Certainly, when taken on the whole, no one can touch Rivera’s postseason numbers. He has thrown 141 innings over 96 games with 42 saves, 86 hits allowed (two home runs), 110 strikeouts, 21 walks and a microcosmic ERA of 0.70. 

Yet, when you put things in context, that aura and reputation might not be all it is cracked up to be. Of those 42 saves, 33 have been in games that the Yankees won by at least two runs and 15 were games the Yankees won by three or more runs. 

So not all of the innings Rivera threw in October fall into the high-leverage situation, where the opponent has the greatest opportunity to tie or take the lead in a game. It is in those moments when you want to use your best reliever. But because we have designated the closer as being only for the ninth inning, teams will often use an inferior pitcher in the biggest spot of the game. 

We only hold Rivera’s numbers in such high regard because he has been able to pitch in October so much. But that is more a credit to the work done by the starting pitchers and offense than Rivera. Yet we created this mythology around Rivera because he is the one closer in this current era of baseball to never break down. 

Whenever a team finds someone who can close games, and does so in a dominating fashion, we immediately start to wonder if he will be the “Next Mariano Rivera.”

Right now, that title currently belongs to either Craig Kimbrel or Aroldis Chapman, depending on your preference. But I can’t tell you if they will make it through this year and 2014 without having some kind of arm problem or lose some gas off the fastball that makes them easier to hit. 

Again, this sounds like I am bashing Rivera, which is not my intention. I am just trying to provide a context for how valuable he really has been. Anyone who thinks his performance has been more valuable than Derek Jeter, or Jorge Posada, or Paul O’Neill or Bernie Williams to the Yankees over the last 15 years is fooling himself buying into mythology. 


The Final Word

There is a place for closers on an MLB roster—no one will deny that. But this idea that some guys have the mentality for it is a joke. You are either good enough to get outs or you aren’t. We overreact to small sample sizes when a pitcher blows two saves in a row because that isn’t supposed to happen.

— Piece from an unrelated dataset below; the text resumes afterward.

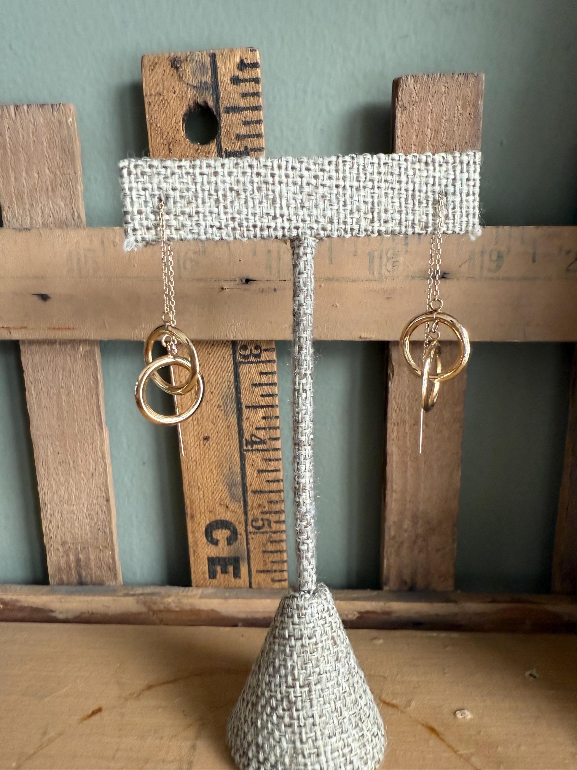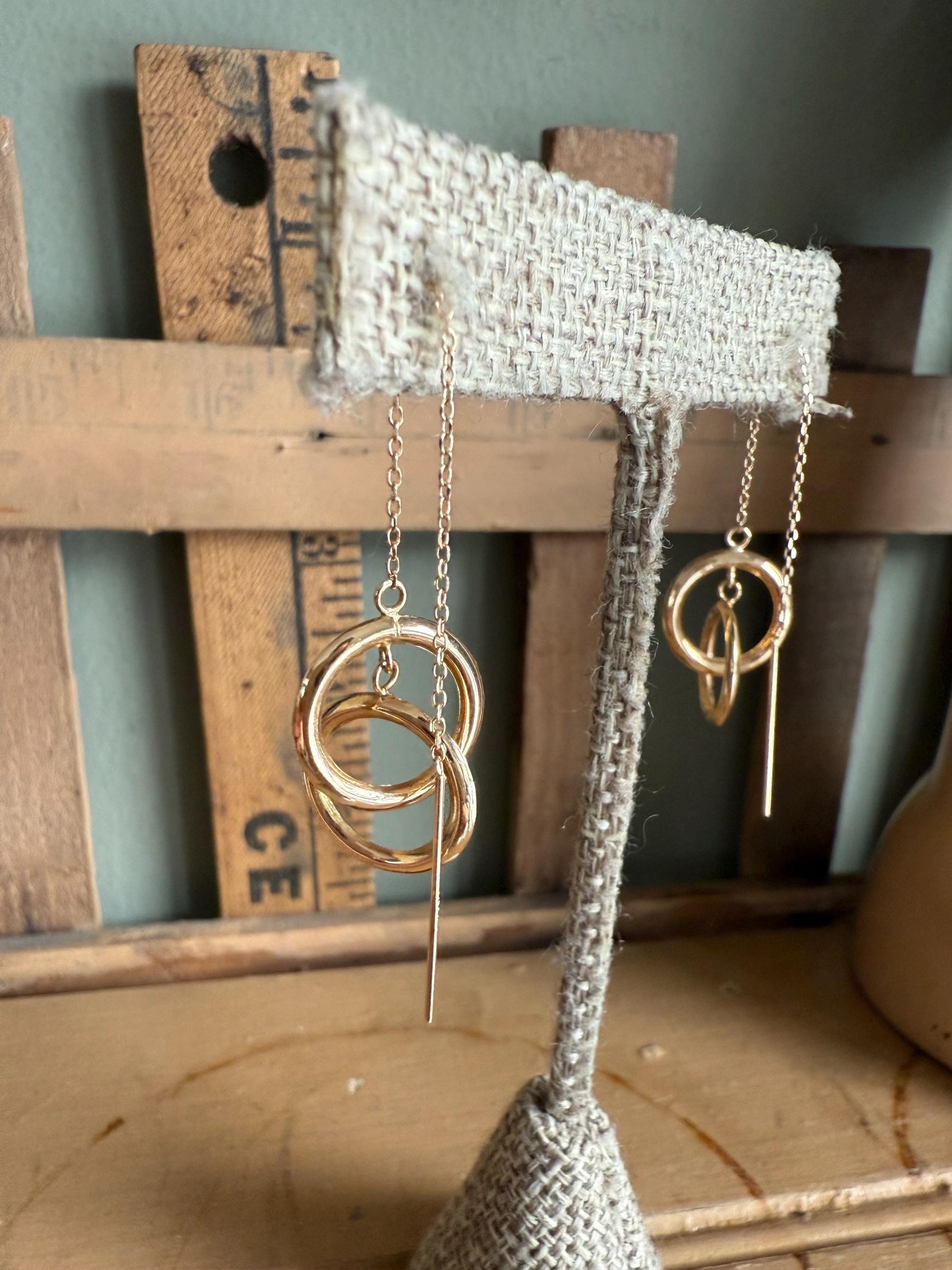 Vintage -stamped 14k on posts and tested. Threading style earrings with circles. 1/2" wide x 3 1/2" length. Excellent preowned condition. 1.3 grams tw

Yankees fans will insist that David Robertson isn’t a closer because he blew a save opportunity against Tampa Bay in May 2012 and gave up a game-winning run to the White Sox in the ninth inning of a game one month later. 

To me, the best time to use a closer—I prefer to call it the relief ace—is in the biggest spot of a game. If that moment happens to be in the ninth inning, so be it. But there are times when a team will be threatening in the seventh or eighth inning. 

Let’s say the bases are loaded in the seventh inning of a game where the Reds are leading by two. They have Aroldis Chapman, J.J. Hoover and Sam LeCure available to use out of the ‘pen. Since Chapman has been designated the closer, he’s not going to even be warming up to come in in this spot.

Hoover and LeCure are fine pitchers, but they are also more likely to give up a hit than Chapman. 

If you are limiting yourself by putting your third- or fourth-best reliever in that spot, eventually you are going to lose some games that you might otherwise not have and potentially cost yourself a postseason berth. 

Closers have gotten vastly overrated in their importance because of the way that the media discusses them and the way teams have been using them for the last 20 years.